Inelastic Deformable Image Registration (i-DIR): Capturing Sliding Motion through Automatic Detection of Discontinuities
Round 1
Reviewer 1 Report
This manuscript presents a novel inelastic (i) deformable image registration (DIR: i-DIR) method to detect sliding surfaces and handle sliding discontinuities in computed tomography (CT) images. Unlike other methods, i-DIR is truly predictive because it does not require a priori information about sliding surfaces. The originality in the i-DIR formalism lies in its utilization of the von Mises plasticity model from continuous mechanics for imaging purposes. In essence, this formalism incorporates an inelastic energy term to detect regions of high shearing deformation related to sliding. I find this theoretical development as really original and significant. The i-DIR method is compared with other imagining methods in their performances on 2-D images from a synthetic dataset and CT images of the lung. Overall, the i-DIR method performs better as determined by various metrics. The use of 2-D images and of only one case of anatomical/medical relevance (CT images of the lung) is somewhat preliminary but provides enough evidence of the potential of i-DIR, which can be further validated with future tests.

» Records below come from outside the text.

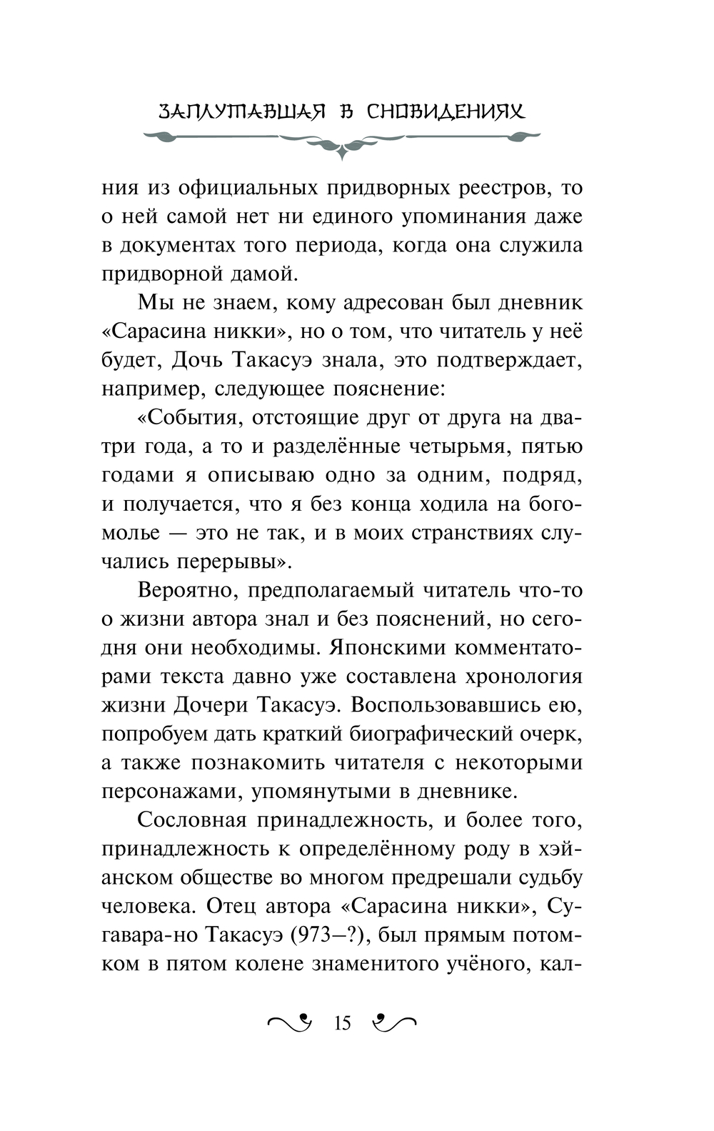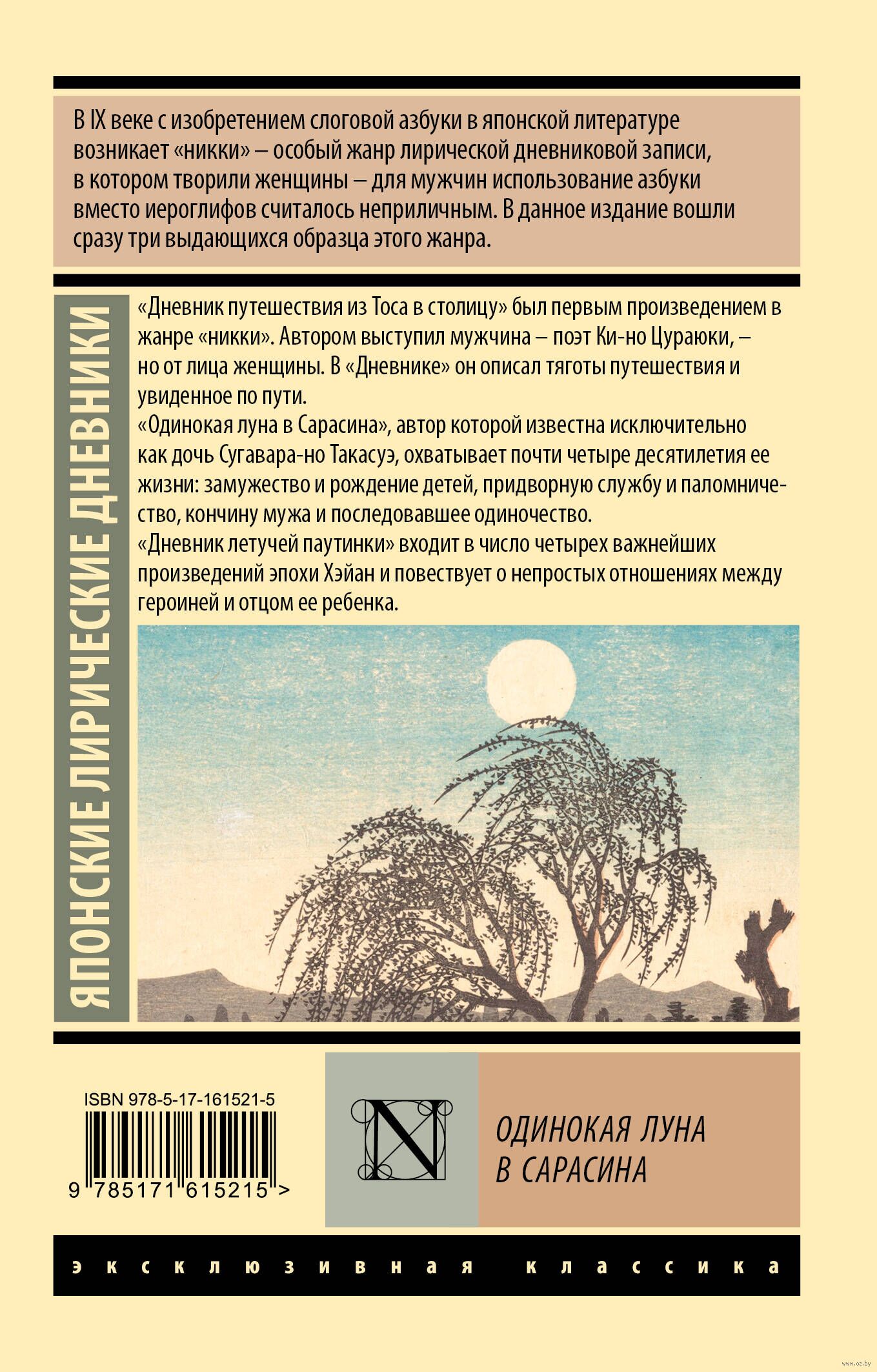 "Одинокая луна в Сарасина", автор которой известна исключительно как дочь Сугавара-но Такасуэ, охватывает почти четыре десятилетия ее жизни: замужество и рождение детей, придворную службу и паломничество, кончину мужа и последовавшее одиночество.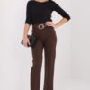These stylish trousers were created with women in mind, who value elegance combined with comfort. Made from a high-quality blend of viscose, nylon, and elastane, they provide a perfect fit and comfort for all day wear, regardless of the occasion. The smooth, classic material gives them a timeless look, and the high waist beautifully accentuates the waist and elongates the silhouette. The straight leg design makes the trousers look elegant and stylish, perfect for work, everyday outfits, and formal stylings. The model is fastened with a concealed zipper, emphasizing the neat finish. An additional advantage is the belt fastened at the waist, allowing for a perfect fit and serving as a subtle decorative accent. The characteristic seam at the back of the leg adds sophistication to the trousers and emphasizes their elegant character. Versatile, comfortable, and timeless, perfect for any outfit where style and comfort matter.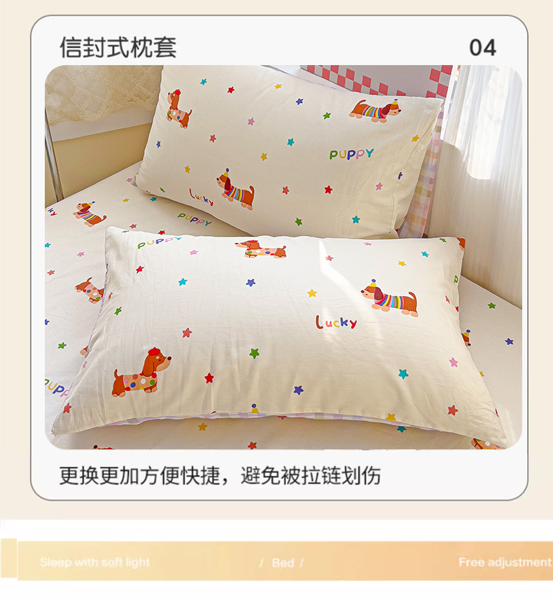 棉生活家纺 2025新款ins全棉小清新系列四件套 狗狗联盟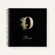 Le carnet noir élégant est doté d'un monogramme botanique doré au centre.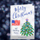 Send your patriotic Christmas greetings with these red, white and blue Christmas cards with a fun tree, an American flag and your custom text. Set on a light gray marble background that showcases Merry Christmas in a bold and fanciful bright blue handwritten font, these patriotic greeting cards are easy to personalize. All text templates, inside and out, can be edited so you can add your Christmas letter right inside the card if you like. From God Bless America on the front to the red, white and blue decorations on the green tree, these patriotic Christmas cards will spread USA pride and Christmas cheer to friends and family alike.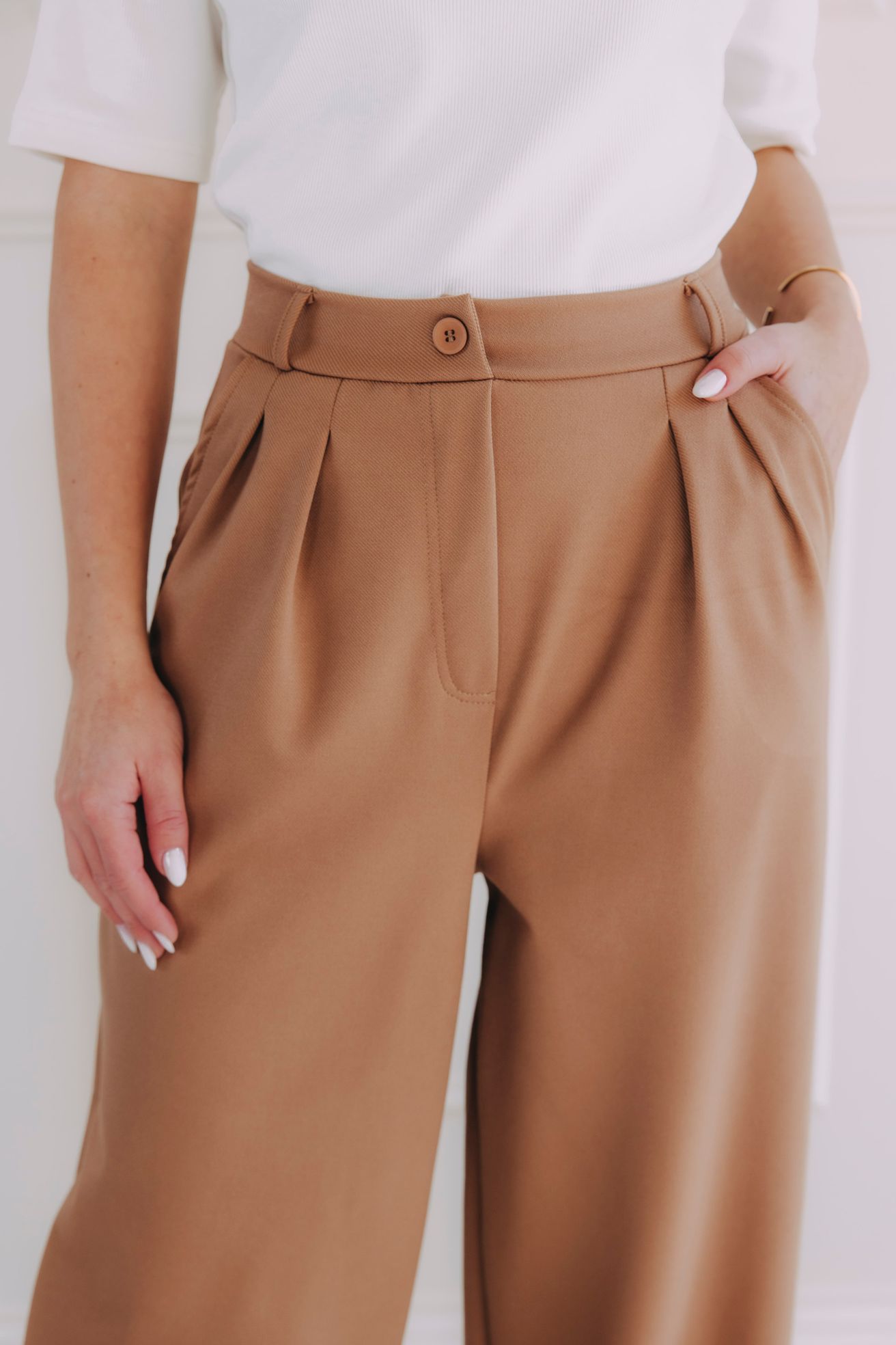 Dejte stopku nudným a jednostranným outfitům! Kalhoty Amadu v elegantní karamelové barvě jsou tajnou zbraní pro ženy, které milují pánský styl v nekompromisně elegantním provedení. Z meetingu s nimi rovnou vyrazíte na večeři nebo večírek. Vypadají jako precizně střižený kostýmek, ale díky skrytým detailům vám dopřejí volnost pohybu, kterou nečekáte. Perfektně zapadají do konceptu udržitelné módy, protože s nimi vytvoříte nekonečné množství nadčasových outfitů.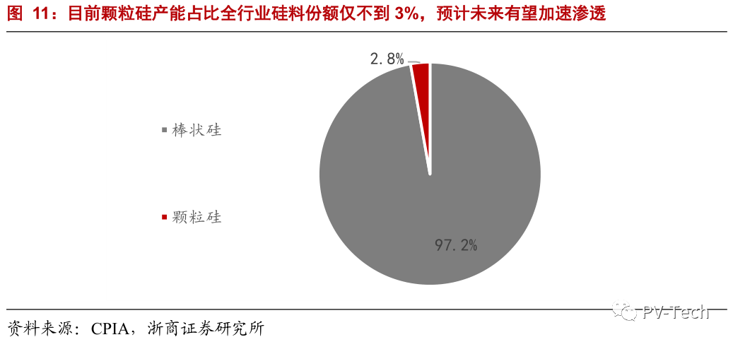 3) 目前顆粒硅在全行業硅料市場份額占比僅不到3%左右。我們預計,隨著顆粒硅技術的不斷成熟、得到下游認可,市占率有望加速提升。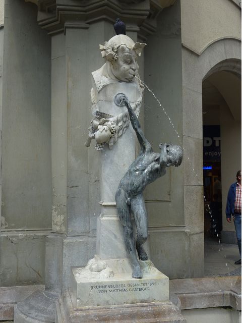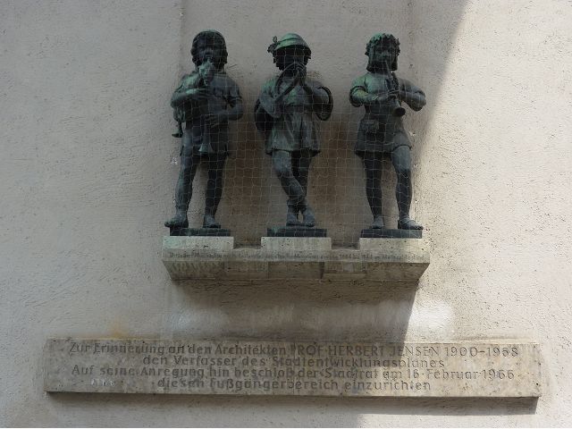 *繁忙購物區裡蠻顯眼的 Hirmer 服裝店,是歐洲最大的男裝店之一,店鋪一樓的拱門、各樓層窗台的紅花,以及印上店名的紅色垂直布簾,還有店外廣場上的一尊野豬雕像等,都引人注目,路過遊客大抵不會忽略這家店。據說,觸摸雕像會帶來好運,怪不得某些部位閃閃發光。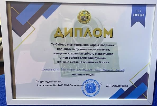 Міржақып Дулатұлы атындағы ЖББМ 8-сынып оқушылары сыбайлас жемқорлыққа қарсы мәдениетті қалыптастыру және парасаттылық құндылықтарын насихаттау мақсатында өткен бейнероли…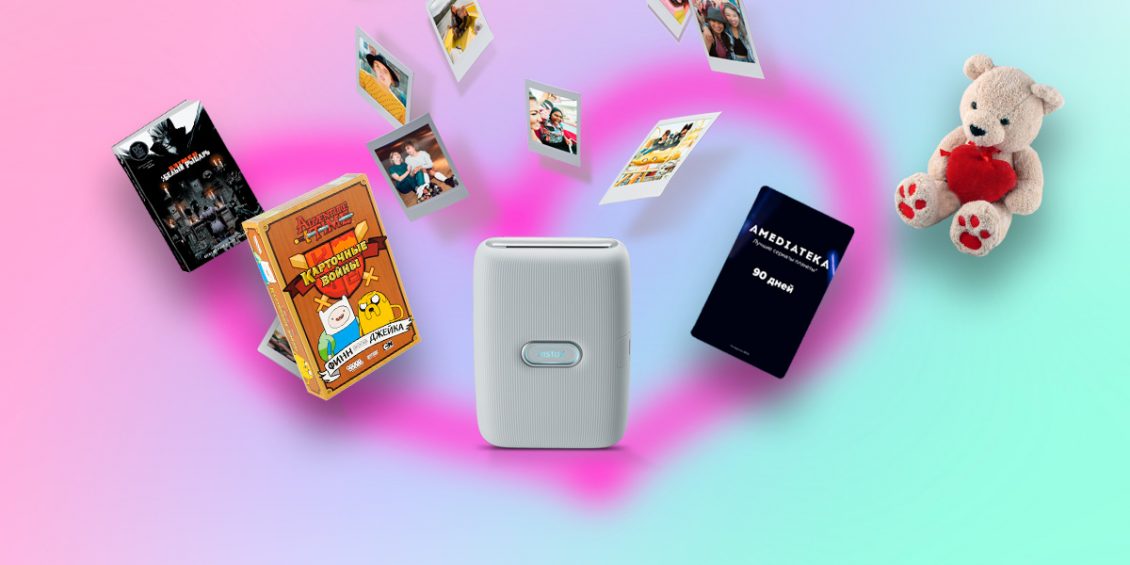 Принтер моментальной печати Instax mini Link отличный подарок на 14 февраля. Для него или для нее — совершенно не важно. У устройства лаконичный дизайн и три цветовых вариации: синий, розовый и белый. Плюсом формата принтера выступает то, что качество фотокарточек при печати на mini Link не теряется.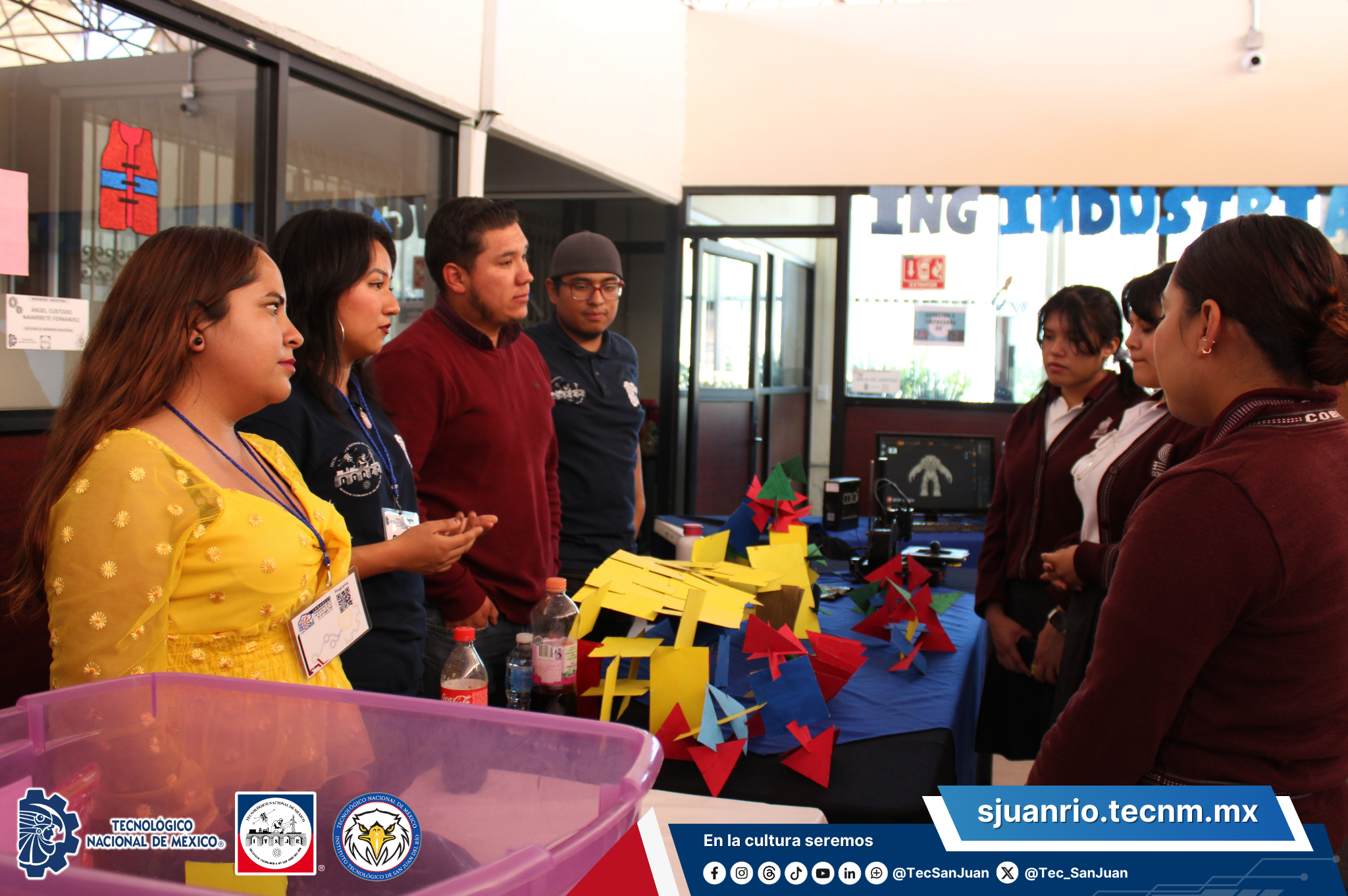San Juan del Río, Qro., El pasado 28, 29 de febrero y 1 de marzo del 2024, se realizó con éxito la ExpoTec 2024, con el objetivo de dar a conocer la oferta educativa del Instituto Tecnológico de San Juan del Río y apoyar en la toma de decisiones, de acuerdo a los intereses, habilidades y aptitudes de las y los estudiantes de Instituciones de Educación Media Superior. Se contó con la participación de CECYTEQ plantel Pedro Escobedo, San Juan del Río y Paso de Mata, COBAQ plantel 10, 18 y 20, CETIS 142, IPIC, CBTIS NO. 145 y CONALEP plantel San Juan del Río.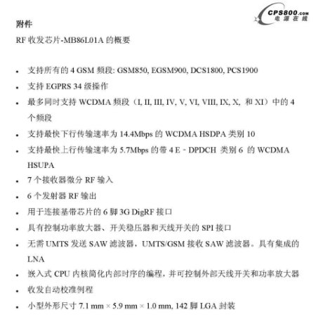 富士通微電子(上海)有限公司近日宣布推出其進(jìn)入移動(dòng)電話RF收發(fā)器市場(chǎng)以來的首款產(chǎn)品-RF收發(fā)芯片。該款RF收發(fā)芯片用于移動(dòng)電話,支持2G GSM/GPS/EDGE和3G UMTS/HSPA協(xié)議,并在單一芯片上集成了3G DigRF(*1)接口。這款新型收發(fā)芯片體型小巧,無需外部SAW濾波器(*2)和低噪聲放大器(LNA)(*3)。移動(dòng)電話制造商使用這款芯片可以減少元器件數(shù)量、占板面積和物料費(fèi)。同時(shí),簡(jiǎn)單的編程模式有助于大大縮短開發(fā)時(shí)間,并簡(jiǎn)化RF和無線平臺(tái)的集成。MB86L01A收發(fā)芯片的樣片即日起供貨。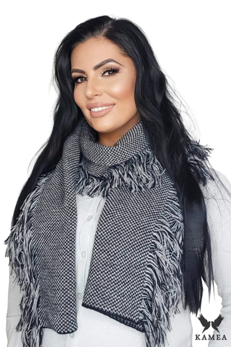 ALDURA women’s scarf in black is a phenomenal accessory from the renowned brand KAMEA. Made of high-quality yarn, it is extremely soft and pleasant to the touch. The scarf is decorated with an elegant waffle pattern and fringes at the ends, giving it a unique character. Perfect for cool autumn-winter days. The product is available in several color variations. The scarf was produced in Poland, guaranteeing its high quality. Add a touch of class to your wardrobe with this unique accessory.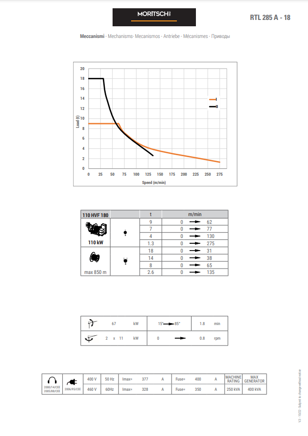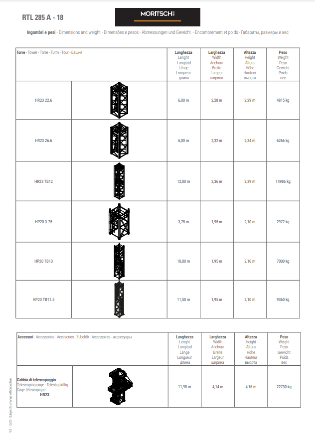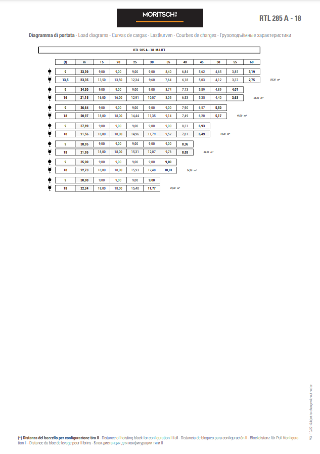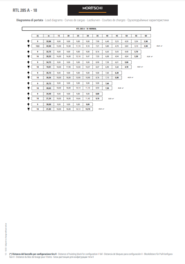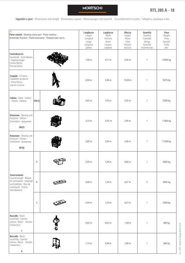 - The RTL range has fixed counter-jib ballasts and lifting capacities from 16 tons to 50 tons, available with single rope fall (versions A) or standard rope fall II III IV (version B).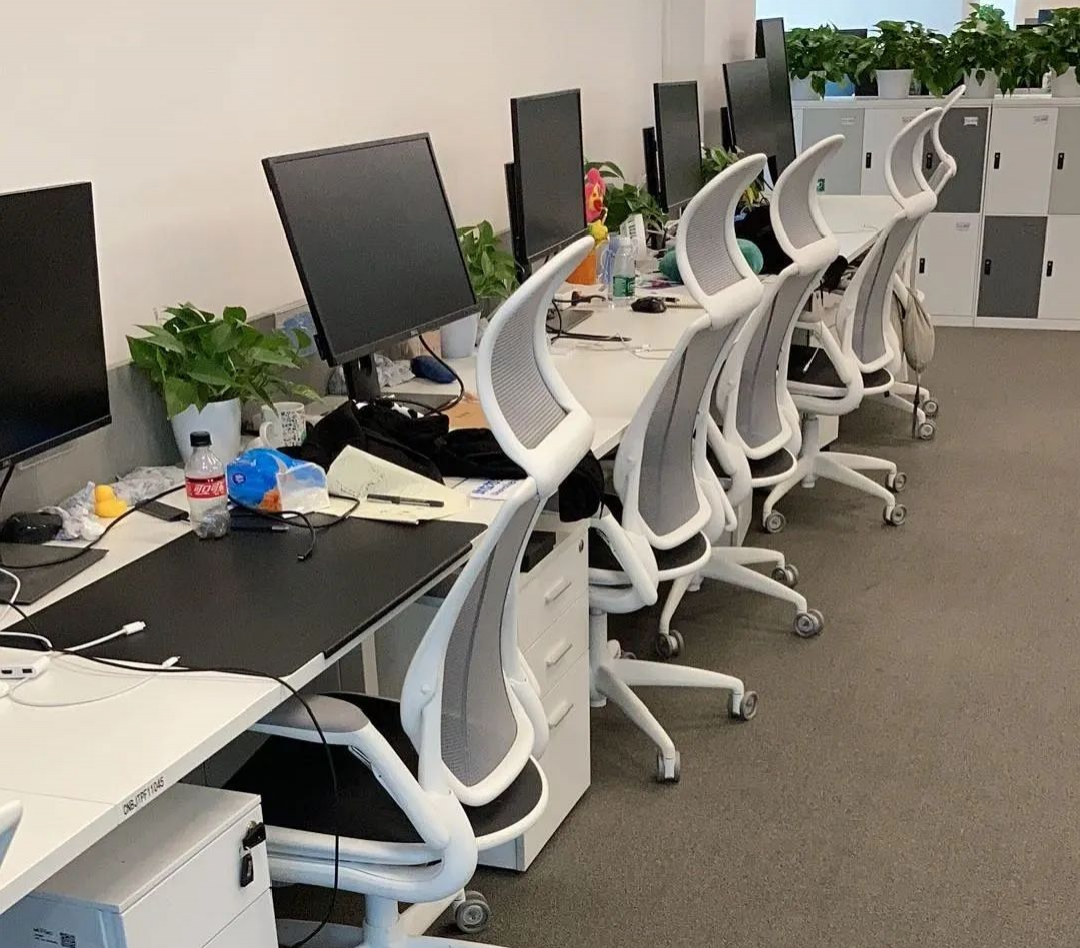 充满科技感的办公室,人均配价小一万的人体工学椅↓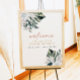 This bridal shower welcome sign features pink pampas, tropical palm leaves and a fun handwritten script font. This bridal shower poster is perfect for your beach or tropical themed bridal shower event.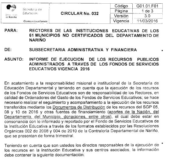 CIRCULAR 032 - (EJECUCION RECURSOS PUBLICOS)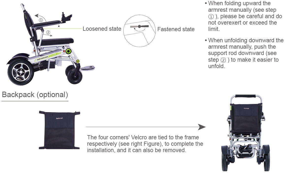 1.Take out the accessory box at the rear of the wheelchair

Scientific background, medical relevance, methodology and results are satisfactorily discussed. In particular, the mathematical formalism of i-DIR from the von Mises theory is explained clearly and completely in the main text and appendices. The English of the manuscript is very good. The length of the manuscript is appropriate. As stated previously, the i-DIR formalisms is indeed innovative and shows promising results. I think that this manuscript will be valuable for the Mathematics readership and I am glad to recommend it for publication in its present form.
Author Response
Comments from Reviewer 1
This manuscript presents a novel inelastic (i) deformable image registration (DIR: i-DIR) method to detect sliding surfaces and handle sliding discontinuities in computed tomography (CT) images. Unlike other methods, i-DIR is truly predictive because it does not require a priori information about sliding surfaces. The originality in the i-DIR formalism lies in its utilization of the von Mises plasticity model from continuous mechanics for imaging purposes. In essence, this formalism incorporates an inelastic energy term to detect regions of high shearing deformation related to sliding. I find this theoretical development as really original and significant. The i-DIR method is compared with other imagining methods in their performances on 2-D images from a synthetic dataset and CT images of the lung. Overall, the i-DIR method performs better as determined by various metrics. The use of 2-D images and of only one case of anatomical/medical relevance (CT images of the lung) is somewhat preliminary but provides enough evidence of the potential of i-DIR, which can be further validated with future tests.
Scientific background, medical relevance, methodology and results are satisfactorily discussed. In particular, the mathematical formalism of i-DIR from the von Mises theory is explained clearly and completely in the main text and appendices. The English of the manuscript is very good. The length of the manuscript is appropriate. As stated previously, the i-DIR formalisms is indeed innovative and shows promising results. I think that this manuscript will be valuable for the Mathematics readership and I am glad to recommend it for publication in its present form.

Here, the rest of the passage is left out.